The Colored Radical was an African American newspaper in Kansas. It was the first black newspaper in the state and was published in Lawrence and Leavenworth for just under three months in 1876. The paper supported the Kansas Republican Party during the that year's elections, argued against racial segregation, and reported on lynchings like the Hamburg massacre in Hamburg, South Carolina. Following the conclusion of the elections, the paper dissolved, and only five of its fourteen issues are extant.

== Publication and contents ==
The Colored Radical was the first black newspaper in the state of Kansas, published jointly in Lawrence and Leavenworth. T. W. Henderson and A. T. Williams were its editors, both of them black ministers. It was first published on August 24, 1876, in the aftermath of the Emancipation Proclamation and the subsequent flight of black people out of the American South into Kansas. A subscription to the paper cost $0.50, and it was produced by the same printers as the Kansas Daily Tribune.

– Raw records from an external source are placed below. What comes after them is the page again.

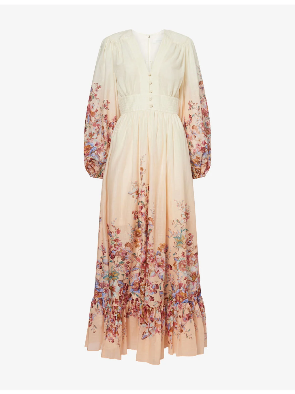 PRODUCT DETAILS - Zimmermann cotton-poplin maxi dress - 100% cotton - Concealed zip fastening at back and exposed button fastening at front - Regular fit, plunge neckline, balloon long sleeves, elasticated cuffs, all-over floral print, flared skirt, ruffled hem - Dry clean - True to size - Size small: length 54in / 137cm - Model is 5ft 10in/1.78m and wears a size small - Lightweight, stretchy Ref: R04552666
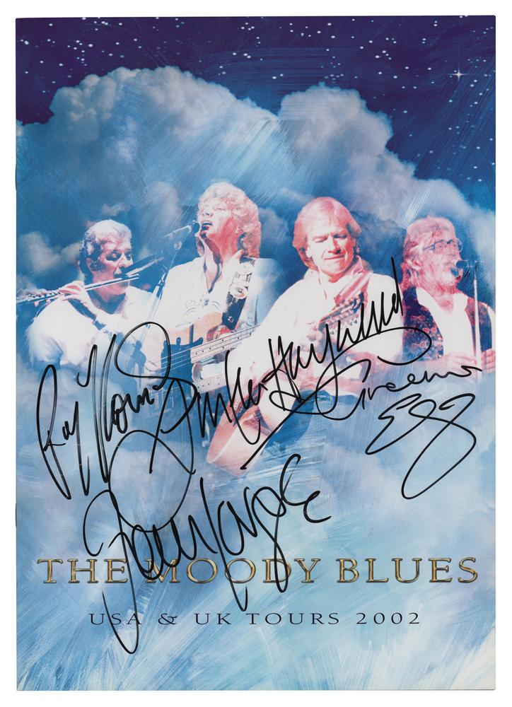 Appealing tour book for the Moody Blues’ 2002 Spring Tours of the United States and the United Kingdom, 9.5 x 13.5, signed on the front cover in black felt tip by John Lodge, Graeme Edge, Ray Thomas, and Justin Hayward. In very fine condition.
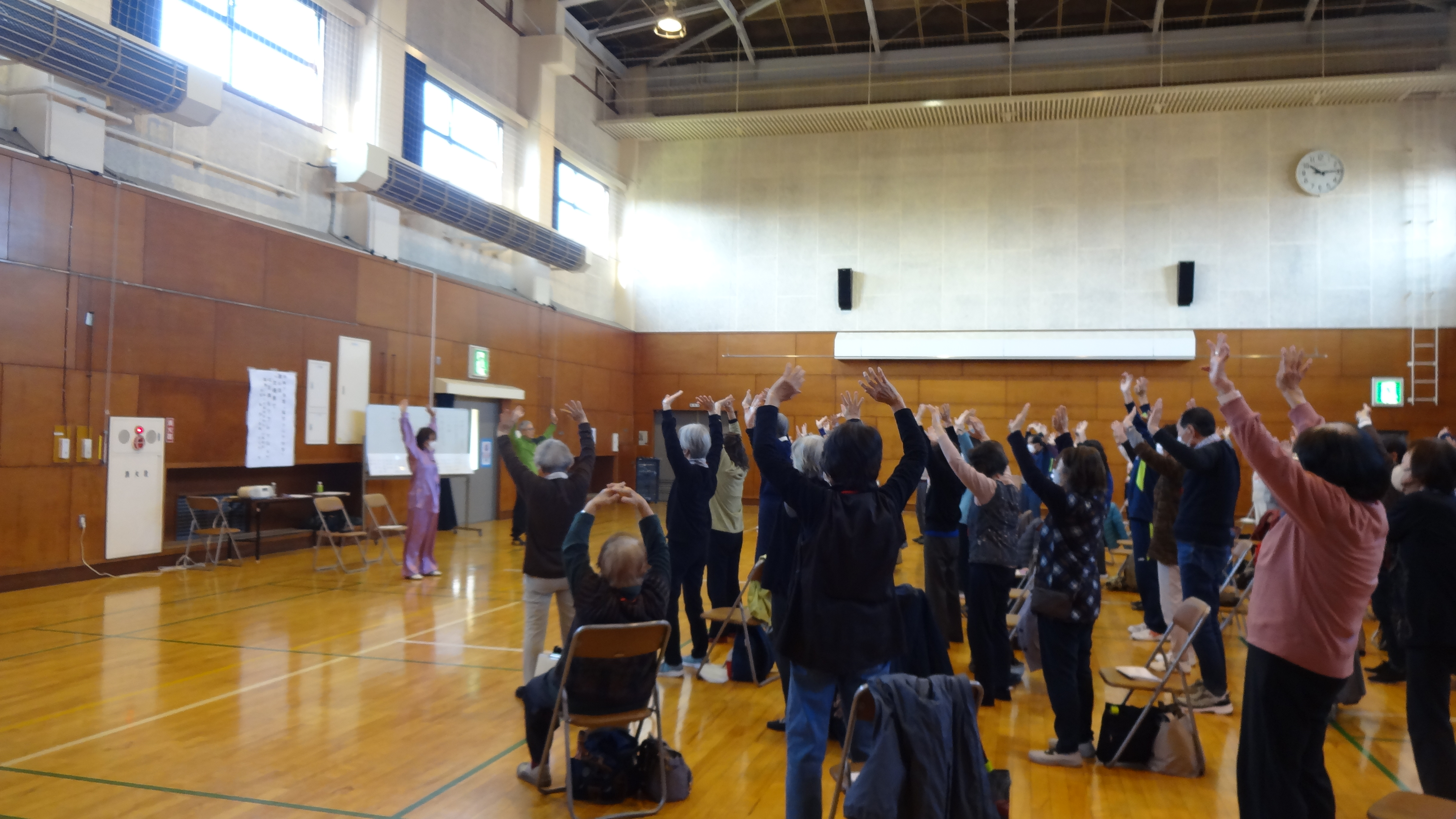 受講生は講師の方の説明を聞き、動きの見本をみながら熱心に取り組みました。「初めての体験だったが、体が暖まってよいと思った」「体がスッキリした」などの声が寄せられ、多くの方のリフレッシュにつながったようです。
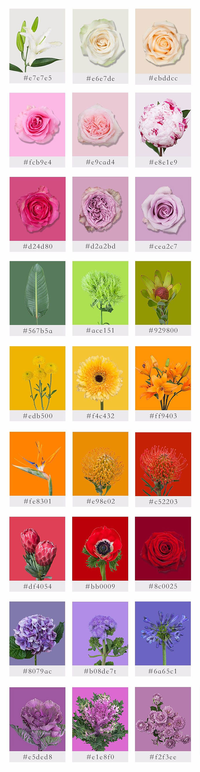 好的设计是一种习惯,配色亦如此。花艺、园艺、软装、平面等,我们每天都在和设计打交道,学习大量的色彩知识,却忘记了大自然早已给到了我们最美的配色方案。本期所分享的是每种花朵的主视觉色,既本种植物给人的第一色彩感觉。
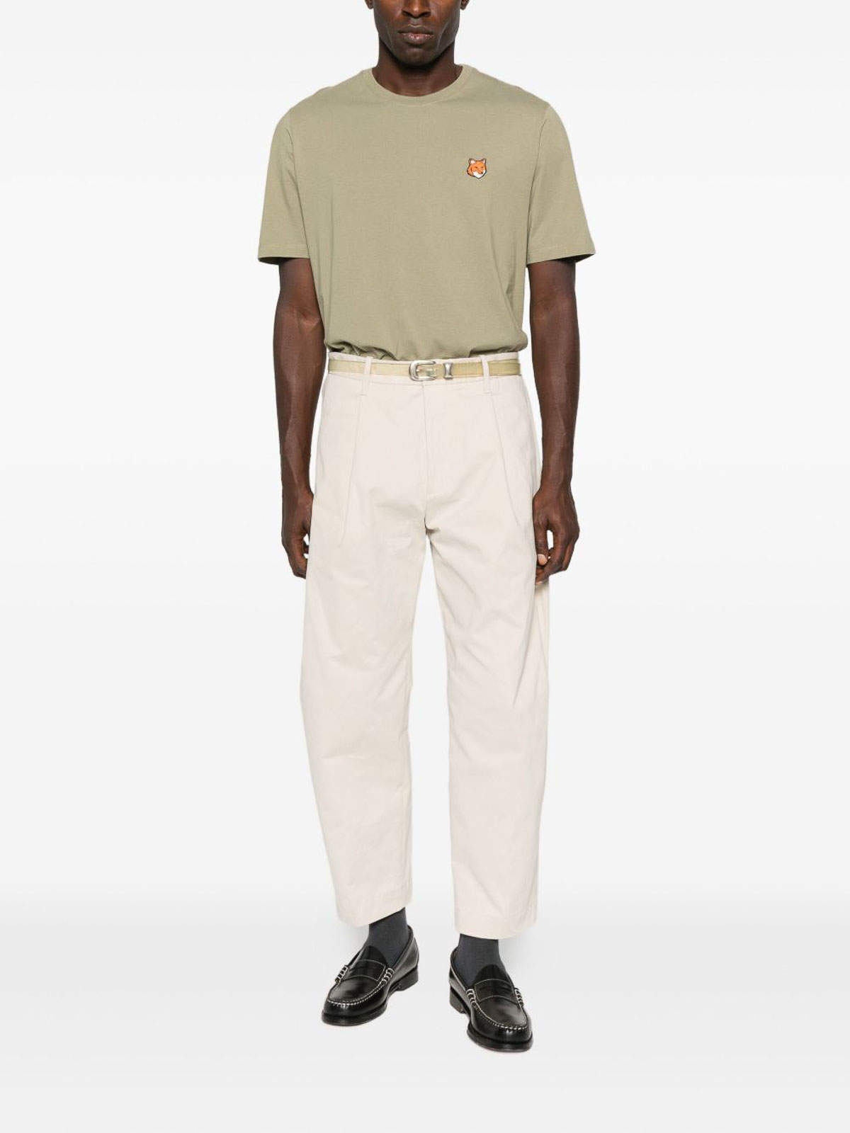 MAISON KITSUNÉ: Strickpullover mit Rundhalsausschnitt - Rundhalspullover - Beige
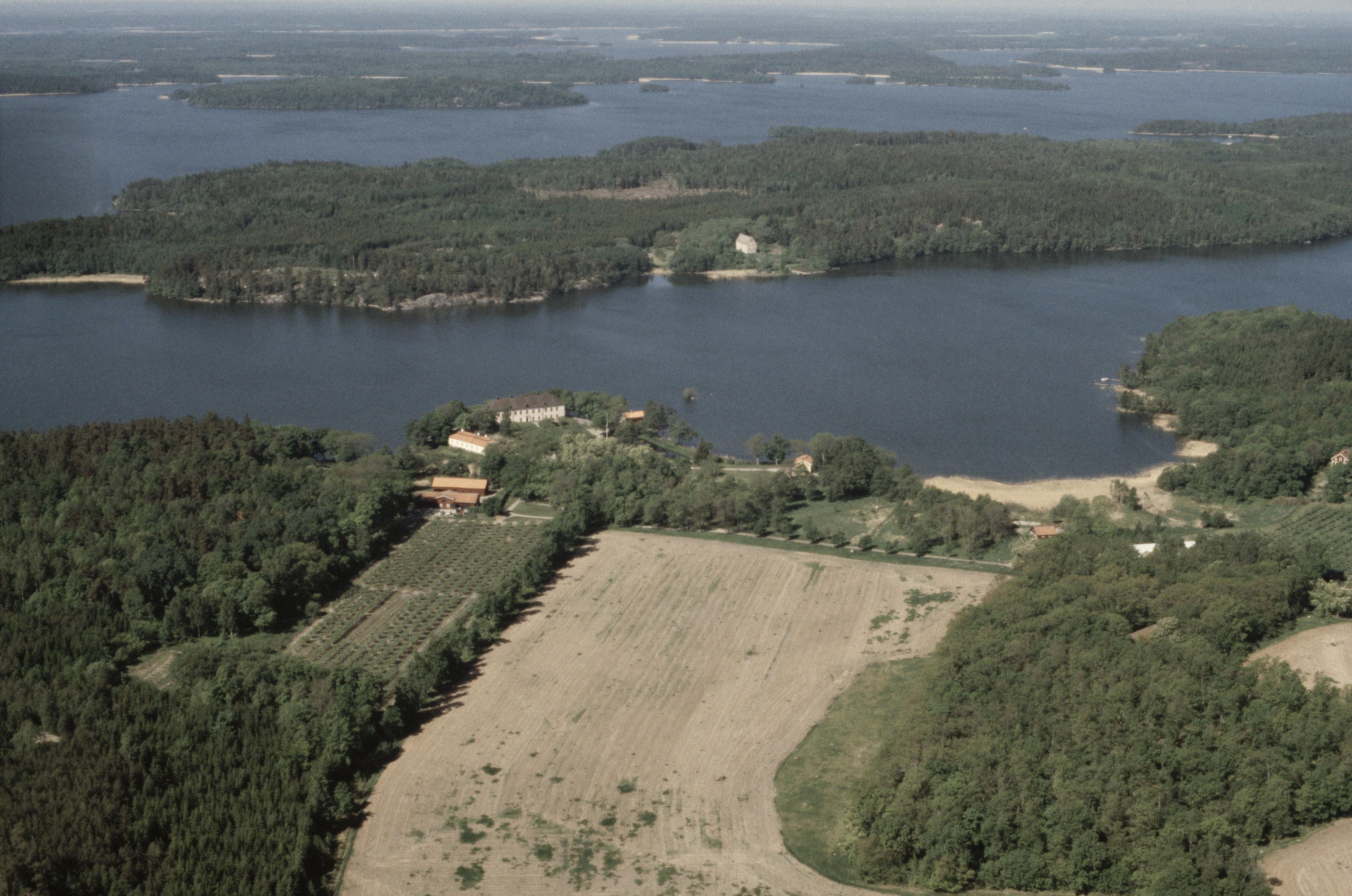 Beskrivning: Anmärkning (övrig): Riksintresse-nr/namn: C62 - Bond-Arnö och Grönsöö. Socken: Kungs-Husby och f.d. Arnö sn) Utredningsområde. Motivering: Småbrutet herrgårdslandskap av medeltida ursprung beläget i Mälaren med flera välbevarade gårdsbyggnader från medeltid och framåt. (Fornlämningsmiljö, Kyrkomiljö,Vägmiljö, Slottsmiljö). - Uttryck för riksintresset: På Arnö småbrutet odlingslandskap, yngre järnåldersgravfält, Arnöbergs herrgårdsmiljö med huvudbyggnad från 1700-talet, medeltida kyrka, ruin av Strandby medeltida sätesgård, prästgård, skola, torp och ålderdomligt vägnät samt Utö hus från 1400-talet, ett av landets mest välbevarade medeltida herresäten. På Grönsö: yngre järnåldersgravfält, torp, den ovanligt välbevarade slottsanläggningen Grönsöö med huvudbyggnad från 1600-talet, park- och trädgårdsanläggning. [Texten uppdaterat av Riksantikvarieämbetet våren 2013.] Beskrivning: Grönsö slott (äldre stavning Grönsöö slott), byggnadsminne RAÄnr Kungs-Husby 89:1, vid Grönsösundet i Mälaren. I bildens övre del statligt byggnadsminne Utö hus RAÄnr Kungs-Husby 70:1 på Arnö. Bilden är tagen mot (väderstreck): V Fotosyfte: Flygbildsdokumentation
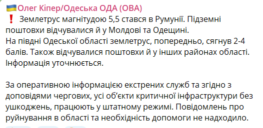 У свою чергу, голова Одеської обласної військової адміністрації Олег Кіпер у своєму телеграм-каналі повідомив, що на півдні Одеської області землетрус, попередньо, досяг 2-4 балів. Також відчувалися поштовхи та інших районах області.
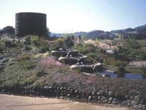 The building's curved back wall is constructed of rice-straw bales covered with "gunearth." The locally produced, glue-lam roof structure is made from salvaged fir and the roofing membrane is made from recycled car tires. The floor slab and columns contain fly-ash in place of some energy-intensive Portland cement. A solar-powered pump moves water through the site for irrigation and summer cooling. Constructed wetlands capture rainwater. Native and drought-tolerant plantings attract pollinating insects, birds, and animals, and provide a beautiful and educational environment for human visitors.
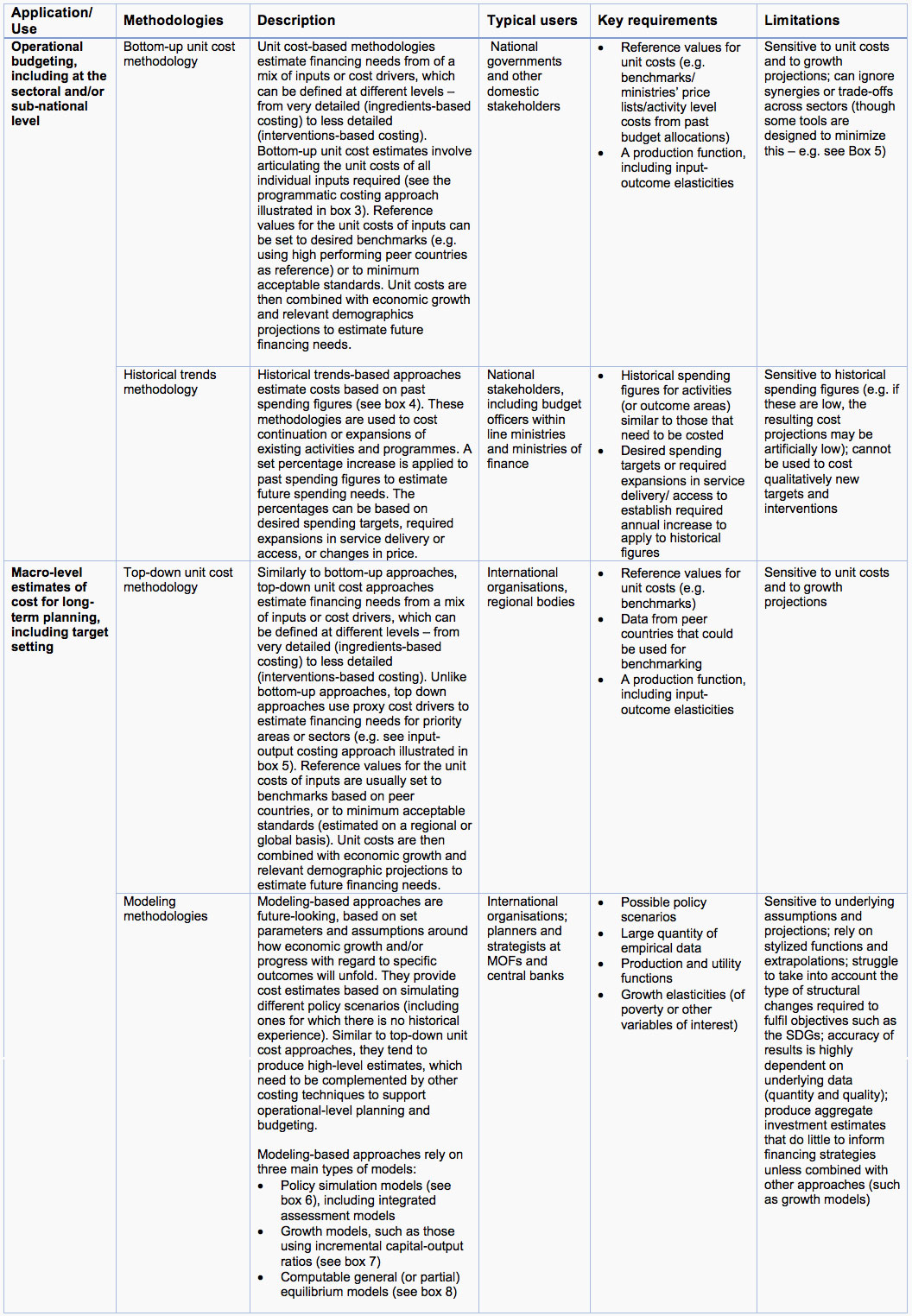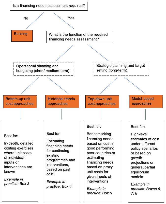 governance and institutions), detailed bottom-up costing approaches may be less

It was a mouthpiece for the Kansas Republican Party in the 1876 United States elections. Its reporting base was wide geographically; as far south and east as Mississippi provided it with information. It was staunchly anti-segregation, criticizing the existence of a bipartite educational system, where white and black children would attend separate schools. It called the lynching in Hamburg, South Carolina—dubbed the Hamburg massacre—one of the "darkest chapters in American society". Although it was at times critical in tone, it also provided optimistic news for black Kansans, and urged them to become self-reliant through property acquisitions and maintenance.

The last issue of the paper was published on November 16, 1876, shortly after the elections concluded. Two years following its closure, W. L. Eagleson established a black newspaper in Fort Scott, then later Topeka, called the Colored Citizen. Henderson joined Eagleson in editing that paper. (Note: Henderson later entered politics. After failing to be nominated to run for lieutenant governor alongside John St. John, he was elected chaplain of the Kansas House of Representatives, and served two terms on the Lawrence Board of Education.) Of the fourteen issues of the Colored Radical, only five survive.